LISTED RECORDS: Begin

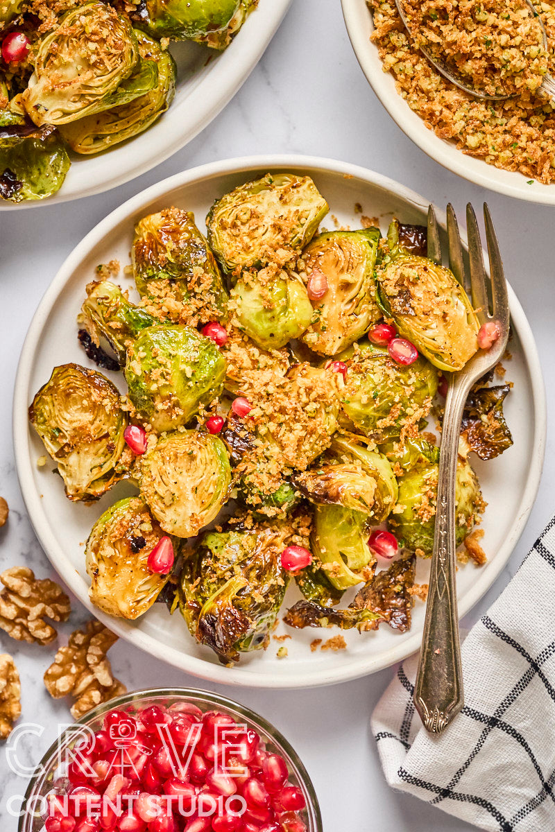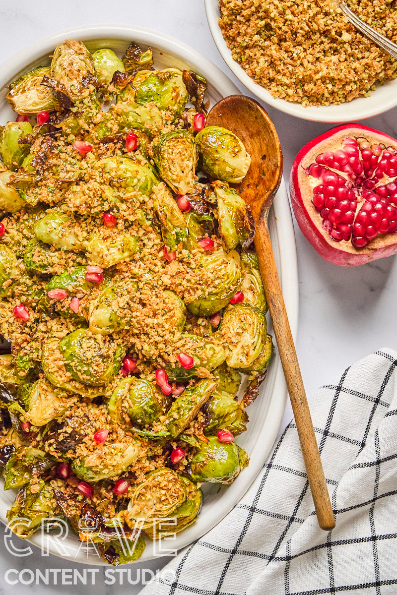 Roasted Balsamic Brussels Sprouts with Walnut Pangrattato
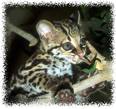 The Ocelot, Felis (Leopardus) pardalis, is an American jungle cat that loves darkness. At home in gloomy dense forests, it never leaves its lair until the evening light is gone and the dusk has turned to darkness. The darker the night the farther the ocelot will prowl. Even moonlight nights impede its activities.
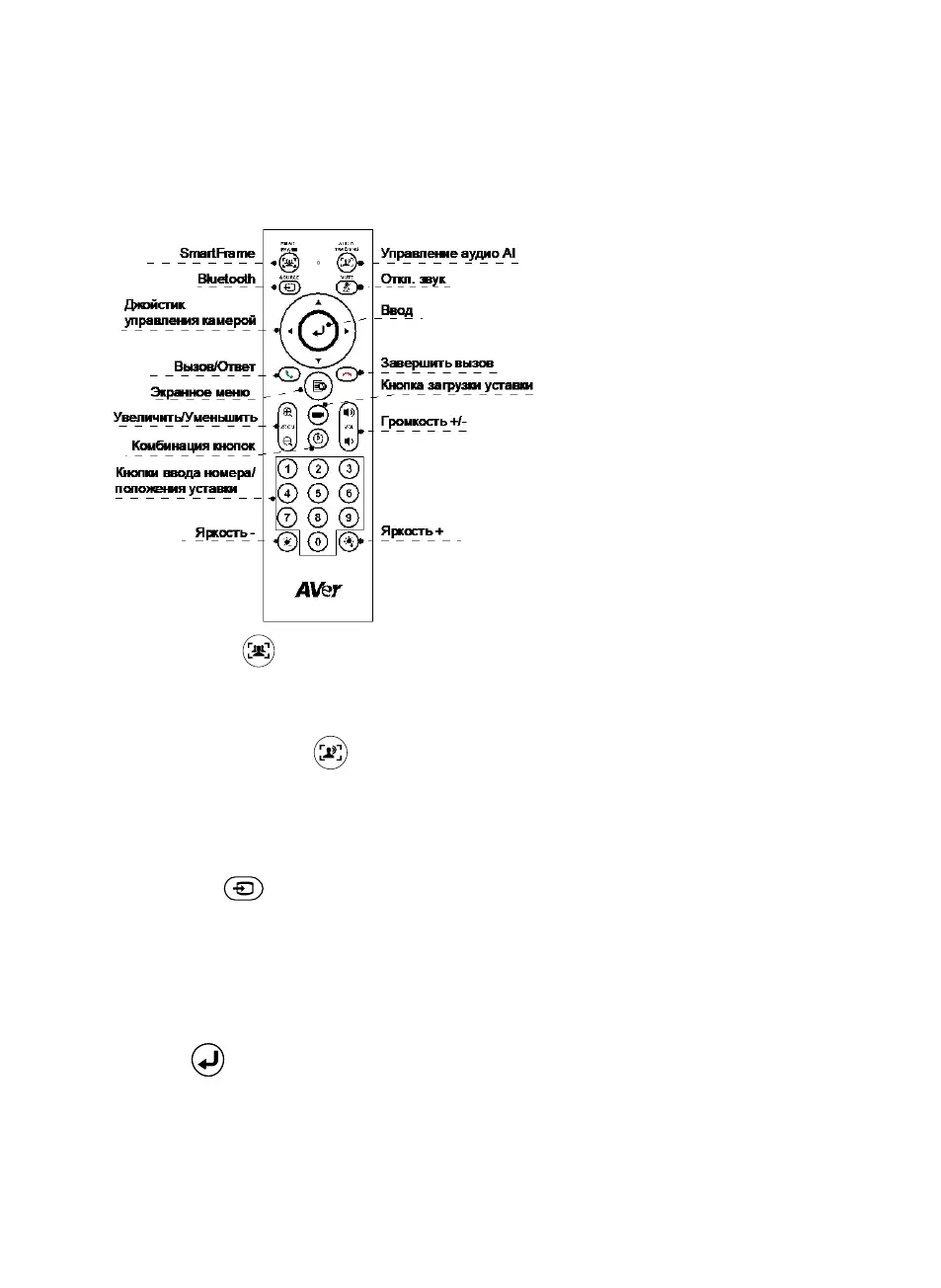 телефоном или громкоговорителем AVer FONE540. Следующее короткое нажатие отключает
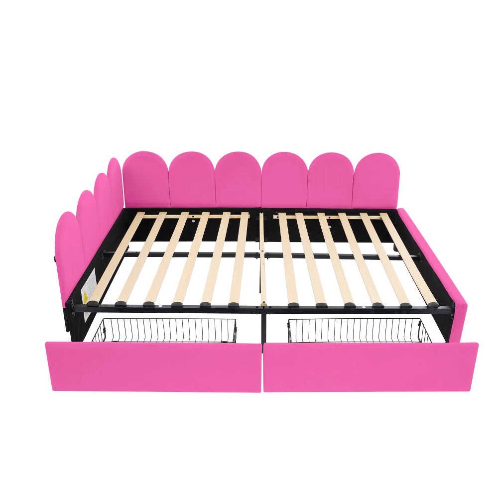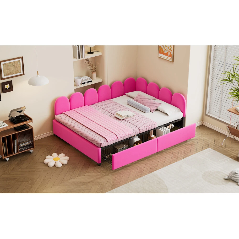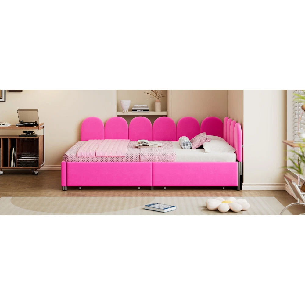 Comfortable Fabric: This upholstered daybed is made of selected velvet, soft fabric headboard provides a comfortable and warm sleeping environment. Elegant Design: This daybed is not only suitable for any home decoration, but also loved by children.The diagonal design of the headboard allows this bed to be placed in a corner, saving space and making it more comfortable. 2 Large Drawers: This daybed has 2 drawers for storing clothes, books, toys, etc. It is very practical and makes full use of the space. Solid Construction: Made of high-quality MDF, the frame of this bed is not easy to be affected by humidity change and lead to crack. The strong legs, wide boards and 12 slats for bed, not only improve the weight capacity of the bed greatly but also ensure the stability. Dimensions and Assembly: Overall Product Dimension: 78"L X56.2"W X 27.69"H. Suitable for full size mattresses. Full size Upholstered Daybed with 2 Drawers, Velvet Sofabed with Soft Fabric Headboard, Rose Red This daybed is made of selected velvet, elegant white,rose red or pink, with tufted shape headboard, elegant and cute, not only suitable for any home decoration, but also loved by children. A soft fabric headboard provides a comfortable and warm sleeping environment. This daybed is a valuable choice as it does not require a box spring or foundation. Just place your mattress on top and enjoy it. With our daybed, relaxation meets efficiency, making it the perfect addition to any modern home.
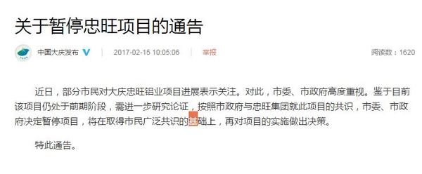 黑龍江大慶市委宣傳部官方微博今日發(fā)布《關(guān)于暫停忠旺項(xiàng)目的通告》稱,近日,部分市民對大慶忠旺鋁業(yè)項(xiàng)目進(jìn)展表示關(guān)注。對此,市委、市政府高度重視。鑒于目前該項(xiàng)目仍處于前期階段,需進(jìn)一步研究論證,按照市政府與忠旺集團(tuán)就此項(xiàng)目的共識,市委、市政府決定暫停項(xiàng)目,將在取得市民廣泛共識的基礎(chǔ)上,再對項(xiàng)目的實(shí)施做出決策。
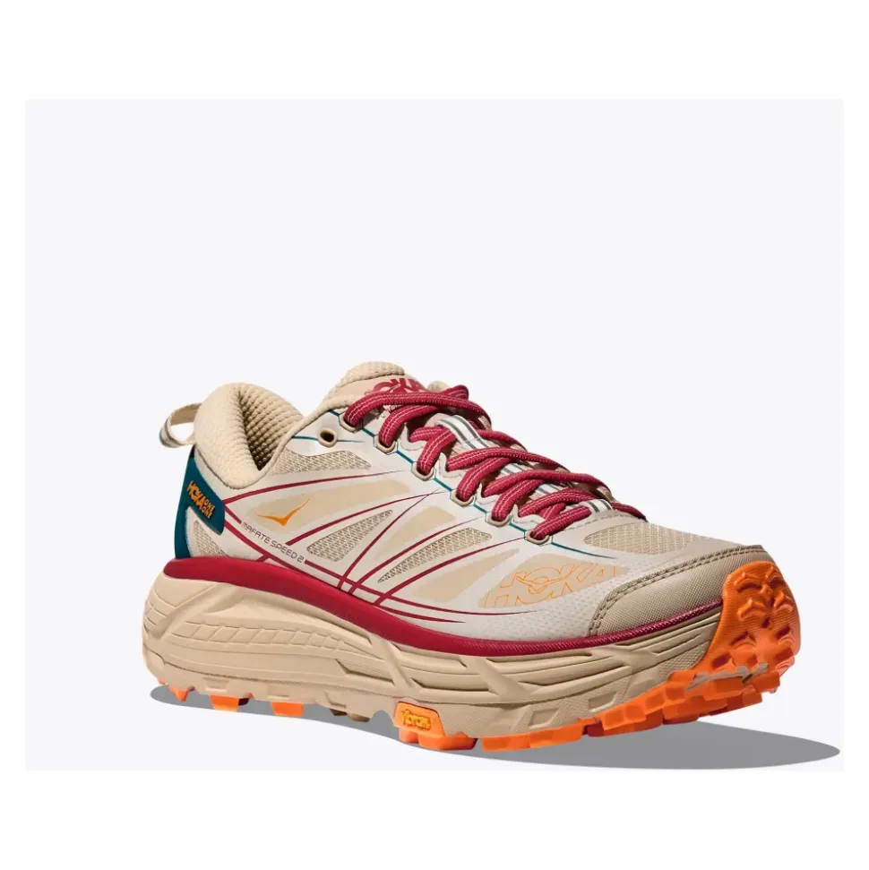 Hoka One One Mafate Speed 2 er en trail-løbesko, der kombinerer responsiv stødabsorbering med aggressiv Vibram-trækkraft til teknisk terræn og hverdagsbrug. Vigtige egenskaber: Beige | Neutrale | Stof | Vibram MegaGrip-ydersål for trækkraft | CMEVA-mellemsålsstødabsorbering | Meta-Rocker-geometri i tidligt stadie for jævne overgange | Let, støttende konstruktion | Snørelukning | Ekstern monomesh-beskyttelsesskærm | Lav silhuet | No-sew SpeedFrame-konstruktion | Skulptureret svangstøtte | Dimensioner & pasform: Lille i størrelsen – overvej at bestille en størrelse større. | Sammensætning & pleje: Overdel i stof | For i stof | CMEVA-mellemsål | Ydersål i gummi (Vibram MegaGrip)
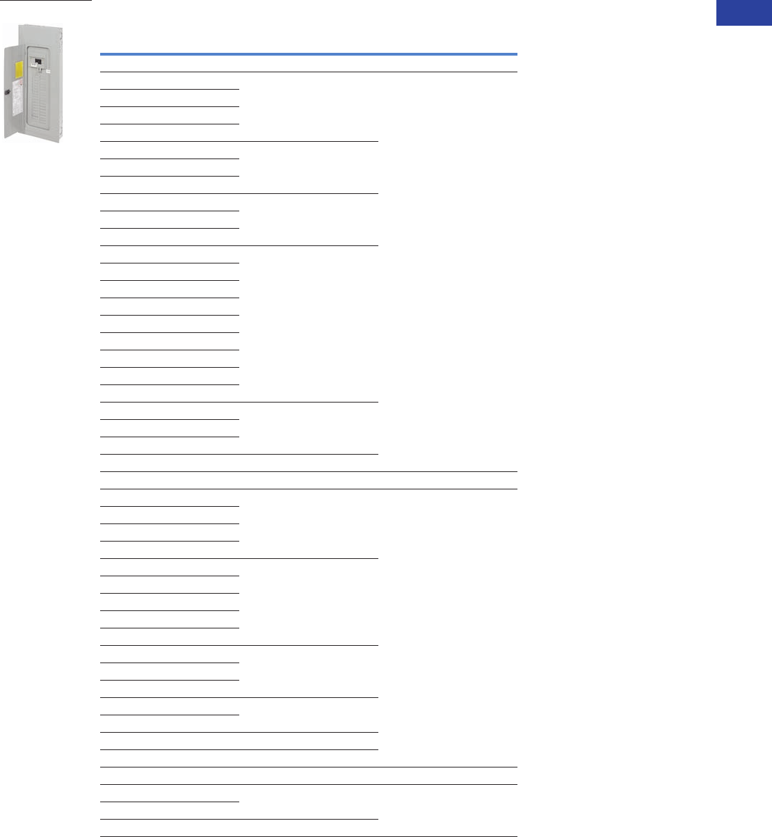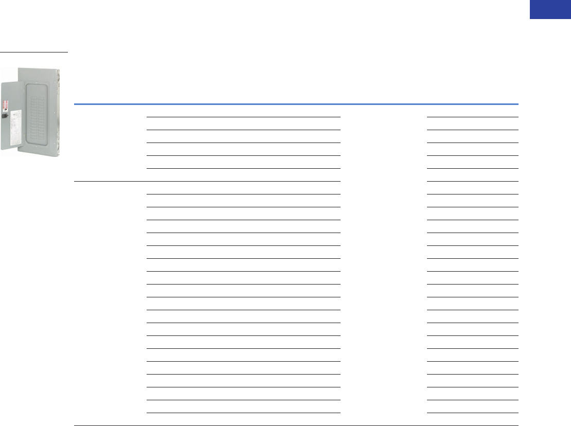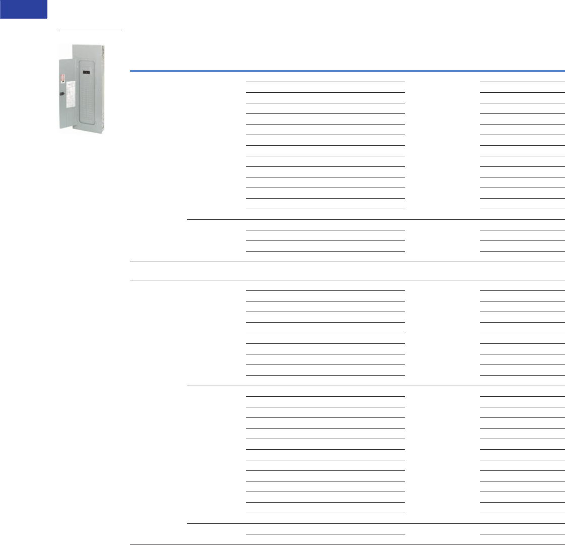 panel is the main circuit breaker rating when used as service entrance equipment. Ground bar kits priced separately. See Page V1-T1-66.
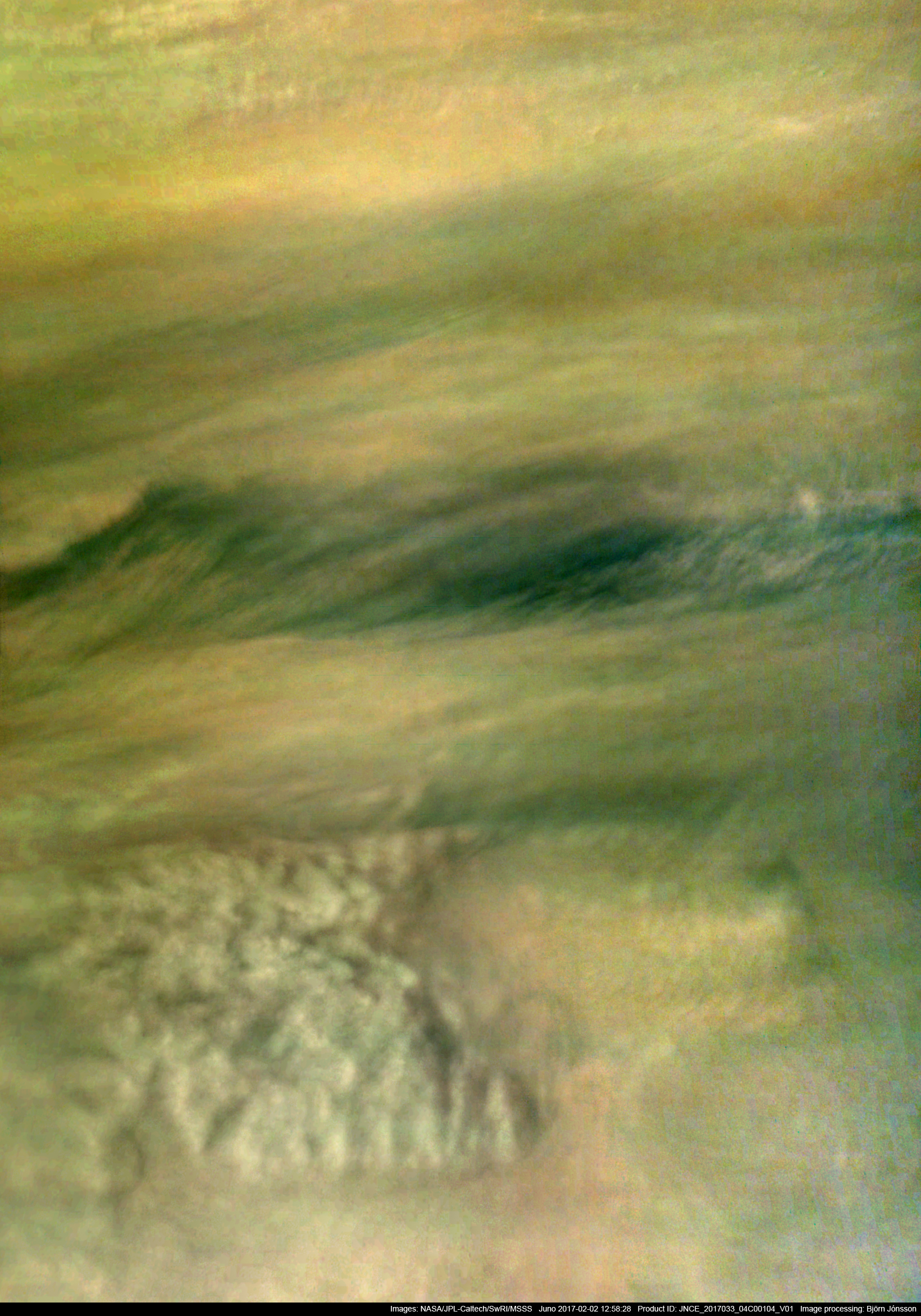 An image processed from the raw PJ4_104 image framelets. The contrast and color has been greatly exaggerated; the contrast was relatively low in the original image data. The processing parameters (for example amount of contrast stretch) differ for different parts of the image depending on the brightness and contrast of the original image data. This is a very high resolution image, the resolution is about 3 km/pixel near the center of the image.
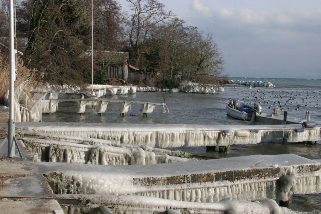Apres avoir vu une photo de bateau et voiture gelé autour du leman dans un journal,j'ai de suite appellé un ami qui habite au dessus du port,il m'a confirmé qu'il y a pas grand chose sur le bateau.Meillerie (au nord du lac) est un port assez protegé.
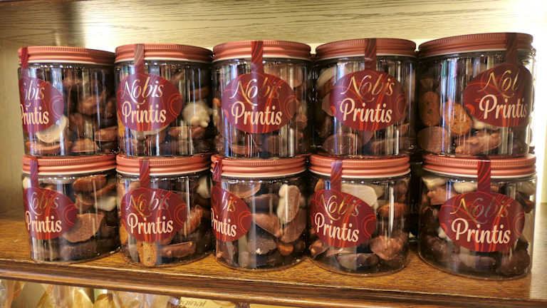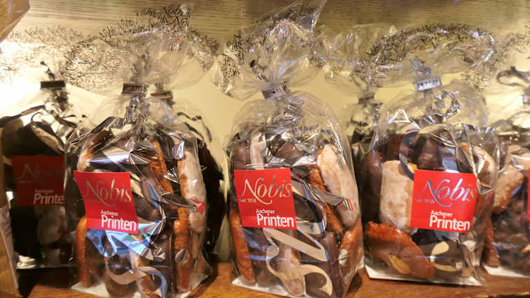 Die Bäckerei Nobis ist berühmt für ihre Printen und unterhält in Aachen über 40 Filialen, in denen man nicht nur Brot, Brötchen und Feingebäck, sondern eben auch diese ganz besondere Lebkuchen-Spezialität der Stadt in vielen Varianten kaufen kann. Mein Favorit ist dabei die Filiale am Münsterplatz, in der es das Vollsortiment in allen Größen und in hübschen Verpackungen zu kaufen gibt: Kräuter-, Prinzess- und Schokoprinten, Weichprinten und Hausspezialitäten wie die „Domspitzen“, unter deren Schokoguss sich Printe und süßes Marzipan verbergen. Eine Besonderheit ist die gläserne Manufaktur, die sich etwas versteckt hinter dem Tresenbereich der Bäckerei befindet – hier wird der Printenteig vor den Augen des Publikums ausgerollt, in Form gebracht und auf den Backblechen verteilt – besonderes für Kinder ein großer Spaß!
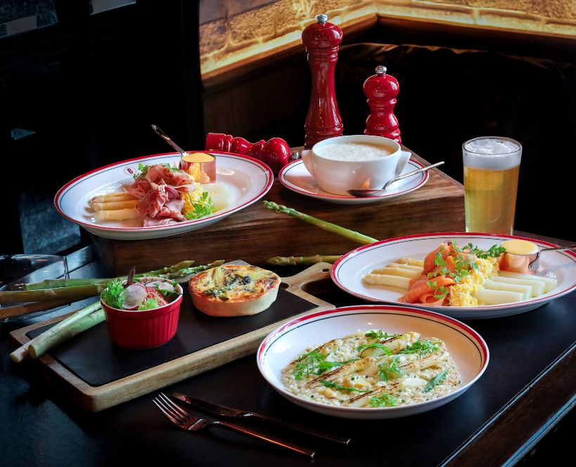 Savor the flavors of asparagus season with a curated menu by Chef Lars and his team. From creamy Asparagus Soup to Grilled White & Green Asparagus with Lardon, each dish celebrates the freshness of this seasonal ingredient. Enjoy White Asparagus Salad with Khao Yai Chicken, or classic Flemish-style Asparagus served with Paris Ham, Norwegian Smoked Salmon, or Australian Wagyu Tenderloin.

LISTED RECORDS: End

WHAT TO WORK ON: When pictures appear in the records above, leave them out and reproduce exactly each line from the first through the line containing "телефоном или громкоговорителем", both included.

EXERCISE ANSWER:
 Roasted Balsamic Brussels Sprouts with Walnut Pangrattato
 The Ocelot, Felis (Leopardus) pardalis, is an American jungle cat that loves darkness. At home in gloomy dense forests, it never leaves its lair until the evening light is gone and the dusk has turned to darkness. The darker the night the farther the ocelot will prowl. Even moonlight nights impede its activities.
 телефоном или громкоговорителем AVer FONE540. Следующее короткое нажатие отключает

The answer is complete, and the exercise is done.